> **WHAT THIS TASK INVOLVES**
Please give every line below again exactly, but not its pictures.

> **GIVEN MATERIAL**
____

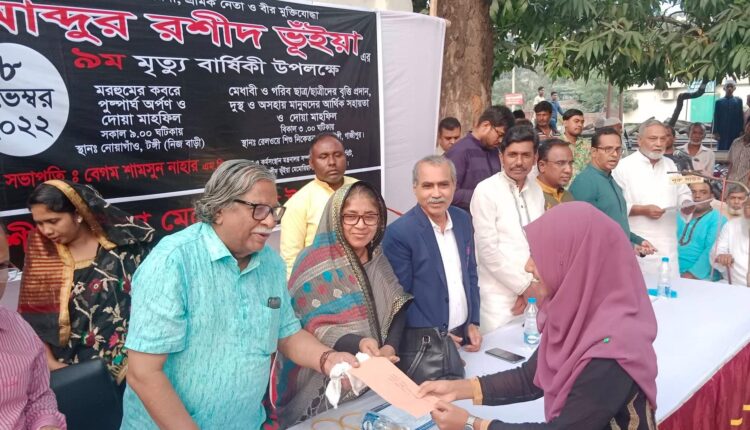 গাজীপুর টঙ্গীর সৎ নির্ভীক জনদরদী শ্রমিকনেতা বীর মুক্তিযোদ্ধা আবদুর রশিদ ভূঁইয়ার ৯ম মৃত্যুবার্ষিকী উপলক্ষে স্মরণসভা ও দোয়া মাহফিল অনুষ্ঠিত হয়েছে। মঙ্গলবার সকালে টঙ্গীর নোয়াগাঁও তার কবরে ফুল দিয়ে শ্রদ্ধা নিবেদন, দোয়া মাহফিল ও বিকালে রেলওয়ে শিশু নিকেতন প্রাঙ্গণে মেধাবী ও গরীব ছাত্র-ছাত্রীদের মাঝে বৃত্তি প্রদান,দুস্থ ও অসহায় মানুষের আর্থিক সহায়তা, দোয়া মাহফিল স্মরণসভা অনুষ্ঠিত হয়। আব্দুর রশিদ ভূঁইয়া মেমোরিয়াল ট্রাস্টের সভাপতি ও সংরক্ষিত মহিলা সংসদ সদস্য বেগম শামসুন্নাহার ভূঁইয়ার সভাপতিত্বে এবং ট্রাস্টের সাধারণ সম্পাদক গাজীপুর মহানগর আওয়ামী লীগের বিজ্ঞান ও প্রযুক্তি বিষয়ক সম্পাদক আলহাজ্ব মোঃ শহীদ উল্লা মিয়ার পরিচালনায় অনুষ্ঠিত হয়েছে। স্মরণসভা ও দোয়া মাহফিলে বক্তব্য রাখেন তৃণমূল জনতা পার্টির চেয়ারম্যান বীর মুক্তিযোদ্ধা ডাঃ নাজিম উদ্দিন আহমেদ,মুক্তিযোদ্ধা সুলতান আহমেদ শরীফ, ডাঃ জালাল, শেকানুল ইসলাম শাহি, ছাত্রলীগ নেতা রাজীব হায়দার, সাদিম,,মনিরুজ্জামান মাষ্টার, কাউন্সলর হামিদা আক্তা্র, ও বিনু বারেক,কবির আহমেদ মন্ডল,জোলেখা আক্তার ঝুমুর,প্রমুখ। বক্তারা বলেন আব্দুর রশিদ ভূঁইয়া ছিলেন প্রকৃত দেশপ্রেমিক। তিনি একজন নিষ্ঠাবান নেতা। একজন আদর্শবান রাজনীতিক, সাহসী শ্রমিক সংগঠক, অকুতভয় একজন সাহসী মুক্তিযোদ্ধাও ছিলেন তিনি। মুক্তিযুদ্ধের অন্যতম সংগঠক এবং একজন প্রকৃত নিঃস্বার্থ সমাজসেবক হিসেবে রশিদ ভূঁইয়া আমৃত্যু গণমানুষের পাশে ছিলেন। বীরমুক্তিযুদ্ধা আব্দুর রশিদ ভূঁইয়া ছিলেন নিখাঁদ আপোষহীন আদর্শবান একজন রাজনীতিবিদ। সকল লোভ লালসাকে তিনি জয় করে গণমানুষের নেতায় পরিণত হয়েছিলেন। পরে আব্দুর রশিদ ভূঁইয়া মেমোরিয়াল ট্রাষ্টের পক্ষ থেকে মেধাবী ও গরীব ছাত্র-ছাত্রীদের বৃত্তি প্রদান দুস্থ ও অসহায় মানুষের আর্থিক সহায়তা প্রদান করা হয় ও আব্দুর রশিদ সহ দেশ ও জাতির, মঙ্গল কামনা করে দোয়া করা হয়।
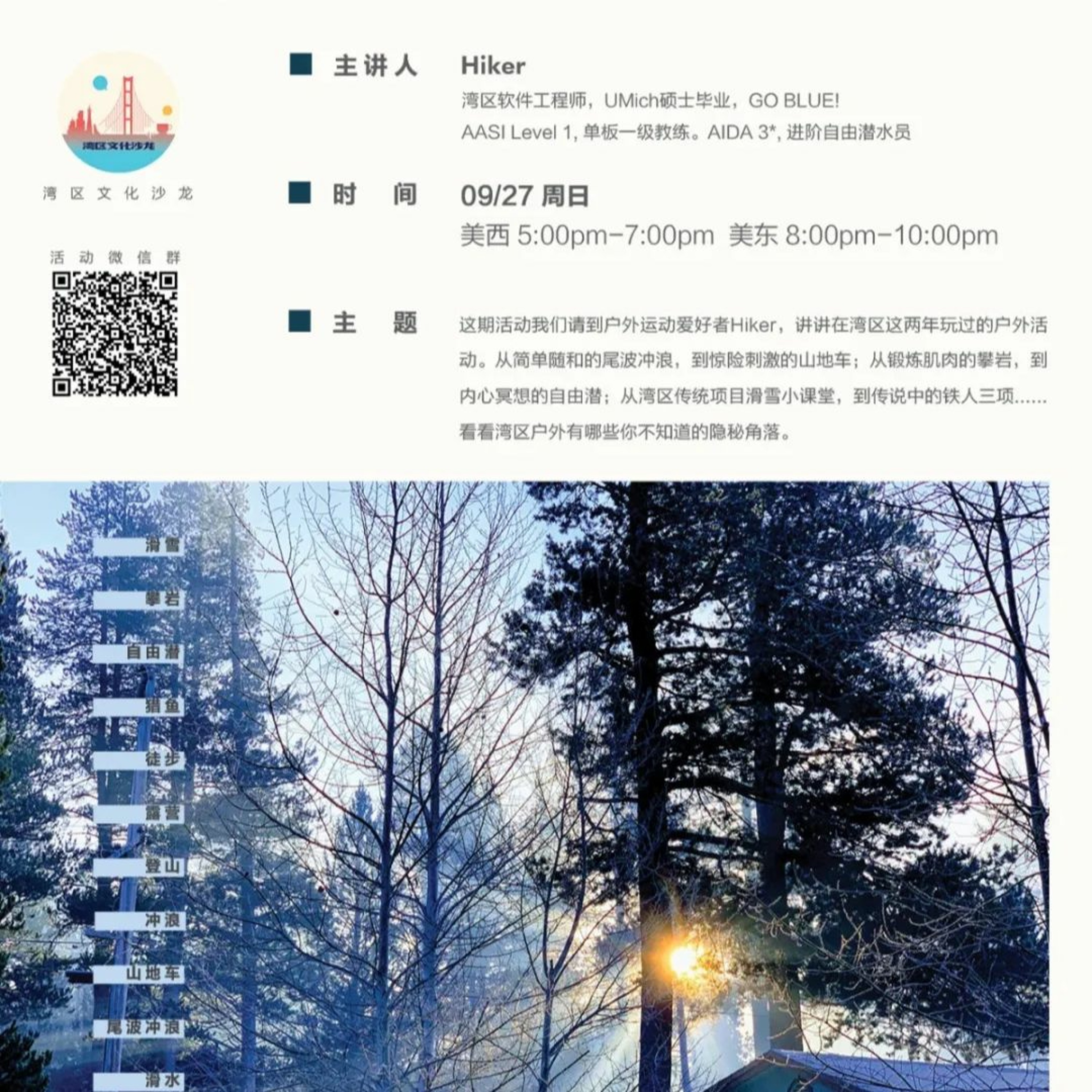 这期活动我们请到户外运动爱好者Hiker,讲讲在湾区这两年玩过的户外活动。从简单随和的尾波冲浪,到惊险刺激的山地车;从锻炼肌肉的攀岩,到内心冥想的自由潜;从湾区传统项目滑雪小课堂,到传说中的铁人三项......看看湾区户外有哪些你不知道的隐秘角落。
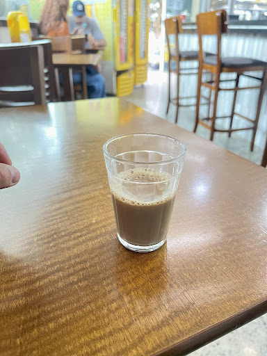 Preços acima do normal, não tem variedade e um café com leite nas alturas. 2x vc paga um almoço completo, então é...

____

> **SOLUTION TO THE PROBLEM**
 গাজীপুর টঙ্গীর সৎ নির্ভীক জনদরদী শ্রমিকনেতা বীর মুক্তিযোদ্ধা আবদুর রশিদ ভূঁইয়ার ৯ম মৃত্যুবার্ষিকী উপলক্ষে স্মরণসভা ও দোয়া মাহফিল অনুষ্ঠিত হয়েছে। মঙ্গলবার সকালে টঙ্গীর নোয়াগাঁও তার কবরে ফুল দিয়ে শ্রদ্ধা নিবেদন, দোয়া মাহফিল ও বিকালে রেলওয়ে শিশু নিকেতন প্রাঙ্গণে মেধাবী ও গরীব ছাত্র-ছাত্রীদের মাঝে বৃত্তি প্রদান,দুস্থ ও অসহায় মানুষের আর্থিক সহায়তা, দোয়া মাহফিল স্মরণসভা অনুষ্ঠিত হয়। আব্দুর রশিদ ভূঁইয়া মেমোরিয়াল ট্রাস্টের সভাপতি ও সংরক্ষিত মহিলা সংসদ সদস্য বেগম শামসুন্নাহার ভূঁইয়ার সভাপতিত্বে এবং ট্রাস্টের সাধারণ সম্পাদক গাজীপুর মহানগর আওয়ামী লীগের বিজ্ঞান ও প্রযুক্তি বিষয়ক সম্পাদক আলহাজ্ব মোঃ শহীদ উল্লা মিয়ার পরিচালনায় অনুষ্ঠিত হয়েছে। স্মরণসভা ও দোয়া মাহফিলে বক্তব্য রাখেন তৃণমূল জনতা পার্টির চেয়ারম্যান বীর মুক্তিযোদ্ধা ডাঃ নাজিম উদ্দিন আহমেদ,মুক্তিযোদ্ধা সুলতান আহমেদ শরীফ, ডাঃ জালাল, শেকানুল ইসলাম শাহি, ছাত্রলীগ নেতা রাজীব হায়দার, সাদিম,,মনিরুজ্জামান মাষ্টার, কাউন্সলর হামিদা আক্তা্র, ও বিনু বারেক,কবির আহমেদ মন্ডল,জোলেখা আক্তার ঝুমুর,প্রমুখ। বক্তারা বলেন আব্দুর রশিদ ভূঁইয়া ছিলেন প্রকৃত দেশপ্রেমিক। তিনি একজন নিষ্ঠাবান নেতা। একজন আদর্শবান রাজনীতিক, সাহসী শ্রমিক সংগঠক, অকুতভয় একজন সাহসী মুক্তিযোদ্ধাও ছিলেন তিনি। মুক্তিযুদ্ধের অন্যতম সংগঠক এবং একজন প্রকৃত নিঃস্বার্থ সমাজসেবক হিসেবে রশিদ ভূঁইয়া আমৃত্যু গণমানুষের পাশে ছিলেন। বীরমুক্তিযুদ্ধা আব্দুর রশিদ ভূঁইয়া ছিলেন নিখাঁদ আপোষহীন আদর্শবান একজন রাজনীতিবিদ। সকল লোভ লালসাকে তিনি জয় করে গণমানুষের নেতায় পরিণত হয়েছিলেন। পরে আব্দুর রশিদ ভূঁইয়া মেমোরিয়াল ট্রাষ্টের পক্ষ থেকে মেধাবী ও গরীব ছাত্র-ছাত্রীদের বৃত্তি প্রদান দুস্থ ও অসহায় মানুষের আর্থিক সহায়তা প্রদান করা হয় ও আব্দুর রশিদ সহ দেশ ও জাতির, মঙ্গল কামনা করে দোয়া করা হয়।
 这期活动我们请到户外运动爱好者Hiker,讲讲在湾区这两年玩过的户外活动。从简单随和的尾波冲浪,到惊险刺激的山地车;从锻炼肌肉的攀岩,到内心冥想的自由潜;从湾区传统项目滑雪小课堂,到传说中的铁人三项......看看湾区户外有哪些你不知道的隐秘角落。
 Preços acima do normal, não tem variedade e um café com leite nas alturas. 2x vc paga um almoço completo, então é...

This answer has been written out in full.